County of Taylor v. Dean T. Woyak, 2104AP1463, 2/24/15, District 3 (one-judge opinion, ineligible for publication); click here for briefs

Woyak was convicted of OWI and PAC. He had driven into a ditch and was discovered with beer cans littering his car. He claimed that he drank the alcohol that resulted in a .222 BAC after the accident not before or during driving. Thus, the trial court should not have instructed the jury that it could find him intoxicated based on the results of an alcohol-concentration test performed within 3 hours of driving.

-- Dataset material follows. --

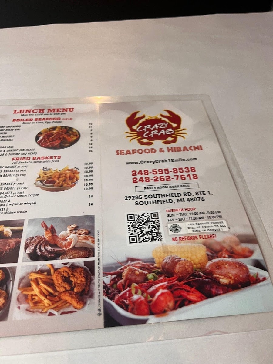 Overall, the menu at Crazy Crab West 12 Mile offers a wide and satisfying variety that caters to both seafood lovers and those looking for comforting fried or Asian-inspired dishes. The appetizer selection, including Hush Puppies, Cheese Stick, Popcorn Shrimp, Fried Oyster, and French Fries, sets a solid start, while the fried baskets like Fried Shrimp Basket, Fried Tilapia Basket, and Chicken Tender Basket provide hearty, familiar options. The highlight is clearly the Crazy Seafood Combos, such as C1. ½ Lb Snow Crab, ½ Lb Shrimp No Head and C4. ½ Lb Snow Crab, 1 Piece Lobster Tail, ½ Lb Shrimp No Head, which showcase generous portions and variety. Beyond seafood, the menu expands into comforting bowls like Crazy Ramen and Spicy Miso Ramen, as well as rich pasta dishes like Lobster Pasta and Shrimp Pasta. Rice dishes such as Shrimp Fried Rice and Beef Fried Rice add versatility, while grilled options like Teriyaki Chicken & Shrimp and sizzling plates like Hibachi Steak round out the offerings. Noodle lovers can enjoy Yakisoba Chicken & Steak, and those wanting to customize can choose fresh items like 1Lb Snow Crab or Lobster Tail with sides like Garlic Butter and Corn. Although prices are not listed, the menu’s breadth and combination options suggest a satisfying dining experience with plenty of choices for different tastes.

The accident occurred at 12:46 p.m., and the deputy arrived at 2:40 p.m.  The decision doesn’t say when Woyak’s blood was drawn, but the jury was asked to make a finding as to whether it was performed within 3 hours of driving and presumably did. The point is, Woyak testified that he drank only 1 12-ounce can of beer before driving and other beer and alcohol after the accident as he stood outside the car trying to figure out what to do.  He objected to the use of the permissive presumption in Wis JI–Criminal 2668 because it would permit the jury to find that he was intoxicated even if he consumed all of the alcohol after the accident.

The court of appeals noted that the instruction did not require the jury to find that Woyak was driving while intoxicated if his test was taken within 3 hours. The jury was simply permitted to do so. See State v. Vick, 104 Wis. 2d 678, 694, 312 N.W.2d 489 (1981). It could have believed Woyak’s testimony and rejected the permissive presumption–but it didn’t.